Create a subclass of gunicorn.glogging.Logger, and redact information in the atoms() method.

I’m working on a Python web app that’s running with gunicorn, and I’m writing access logs to a file. By default, these logs include the full URL requested by the user, with any query parameters.

This app uses OAuth to authenticate with a third-party service, so at some point users get redirected back to the app with some OAuth tokens in the URL:

127.0.0.1 - - [01/Jan/2001:01:01:01 +0000] "GET /callback?oauth_token=72157720950195922-ddd4617fd8594560&oauth_verifier=51be7d7b0c701ba6 HTTP/1.1" 302 201 "https://www.flickr.com/" "Mozilla/5.0"

This feels risky, especially because the access logs are being written in plain text.

I don’t think there’s a substantial risk in this app, because those OAuth tokens are immediately used to fetch an OAuth access token, and the third-party service should prevent token reuse. But it got me thinking about how to redact information from gunicorn logs, and I couldn’t find any instructions, so I went digging.

A minimal gunicorn app

Let’s start by creating a minimal gunicorn app to test with. Normally I’m running gunicorn with Flask apps, but gunicorn’s logging is completely separate from Flask.

The gunicorn documentation includes a simple test app, which I’ll save to test.py:

def app(environ, start_response):
    """Simplest possible application object"""
    data = b'Hello, World!\n'
    status = '200 OK'
    response_headers = [
        ('Content-type', 'text/plain'),
        ('Content-Length', str(len(data)))
    ]
    start_response(status, response_headers)
    return iter([data])

I can start the app and save the access logs to a file:

$ gunicorn test:app --access-logfile access.log

Then I can make a request with curl, and see the request appear in the access log:

$ curl 'http://127.0.0.1:8000'
Hello, World!

$ curl 'http://127.0.0.1:8000/callback?oauth_token=123'
Hello, World!

$ cat access.log
127.0.0.1 - - [04/Jul/2025:17:05:28 +0100] "GET / HTTP/1.1" 200 14 "-" "curl/8.7.1"
127.0.0.1 - - [04/Jul/2025:17:06:03 +0100] "GET /callback?oauth_token=123 HTTP/1.1" 200 14 "-" "curl/8.7.1"

Let’s hide that oauth_token query parameter from the access log.

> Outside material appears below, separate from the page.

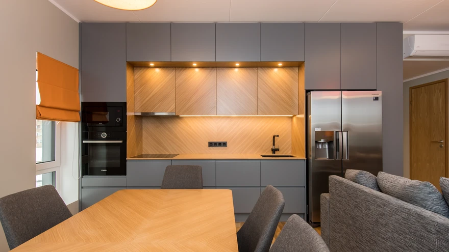 Keskmist trendikööki iseloomustavad näpujäljevaba pinnatöötlusega siledad mattuksed, metallraamis klaasvitriinid ja laeni kapid, mis on valdavalt hallikasbeeži tooni.
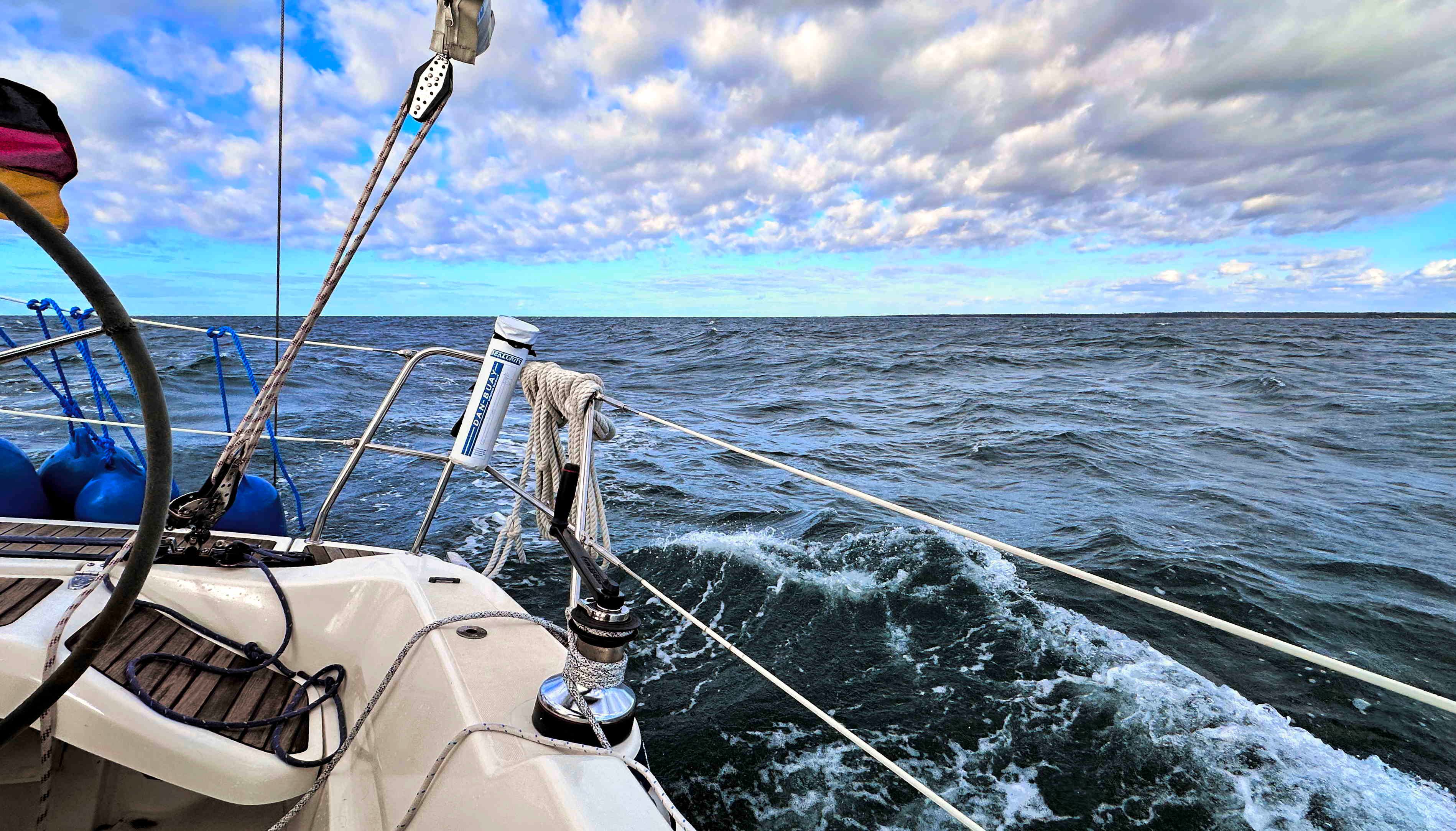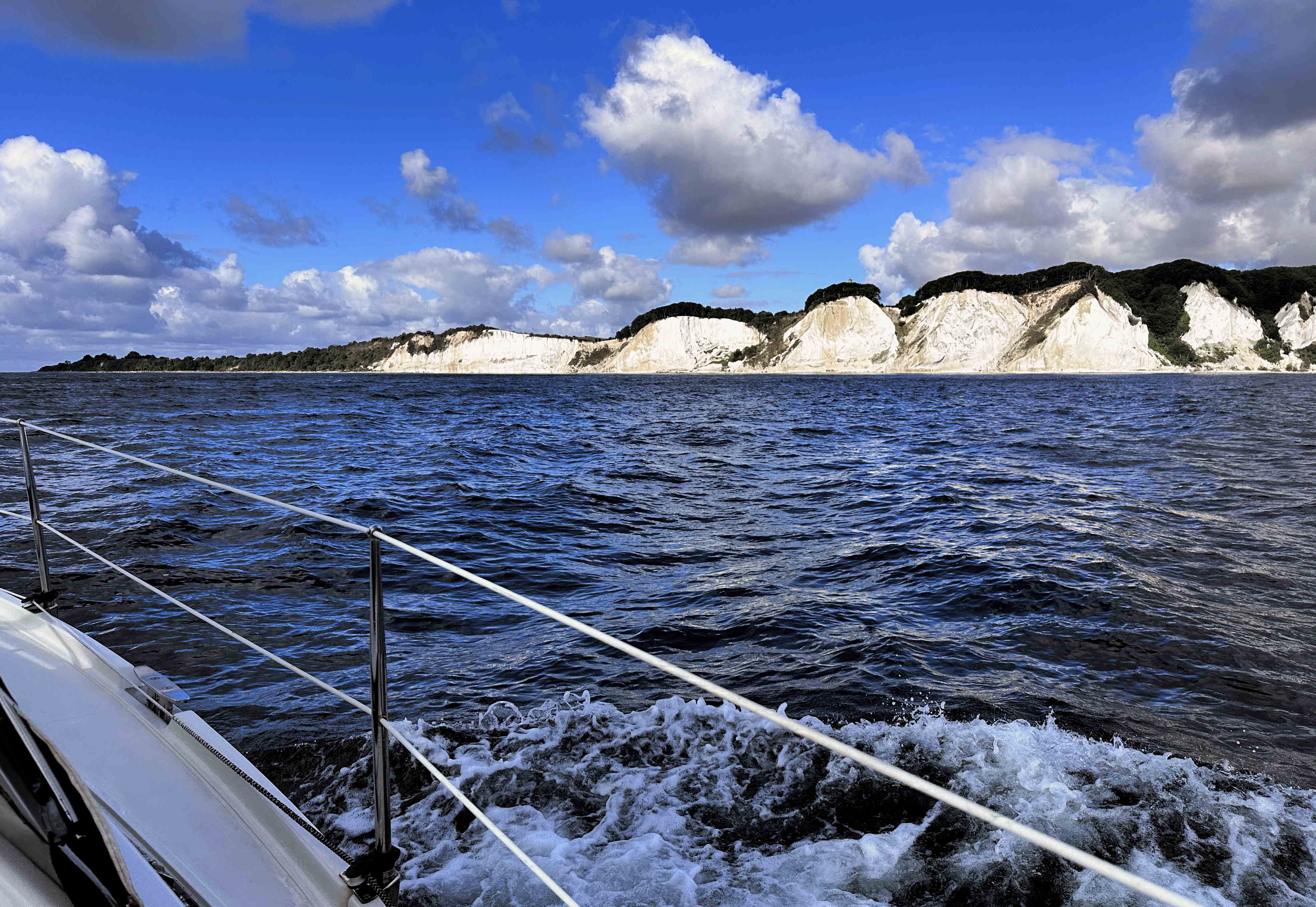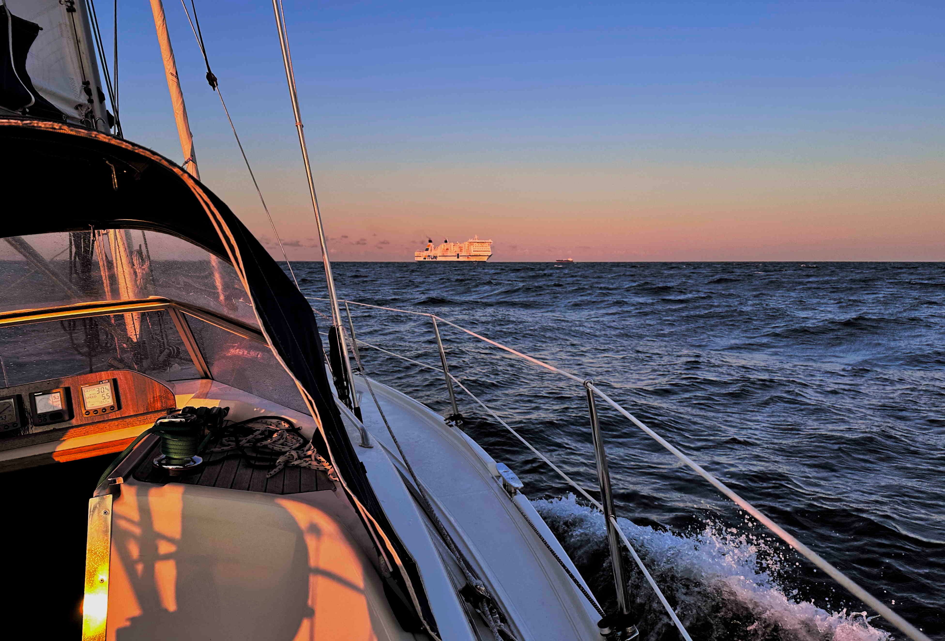 Das Barometer steigt, der Himmel ist blau und SY Blue Layla scheint Spaß zu haben an den letzten 100 sportlichen Seemeilen über die Arkonasee, die diesmal ihre Zähne hin und wieder zeigen darf: Bis Klintholm (s.o.) haben wir 15-23kn Wind gegenan; am nächsten Tag nehmen Wind und Welle noch zu, aber wir können dafür größtenteils einen Halbwindkurs anlegen – wenn uns nicht die Ausweichmanöver angesichts der dicken Pötte in der Kadetrinne (s.u.) noch Höhe kosten würden.

Customising the gunicorn logging behaviour

I found a setting logger_classin the documentation:

The logger you want to use to log events in Gunicorn.

The default class (gunicorn.glogging.Logger) handles most normal usages in logging. It provides error and access logging.

You can provide your own logger by giving Gunicorn a Python path to a class that quacks like gunicorn.glogging.Logger.

I read the source code for the Logeer class, and I think the best approach is to subclass it and override the atoms() method. This returns “atoms for log formatting”, which are the different tokens you can use in the access log – like %(h)s for remote address, or %(t)s for the date of the request. (Although I’m overriding existing atoms, it occurs to me you could also use this to add new fields you want to log.)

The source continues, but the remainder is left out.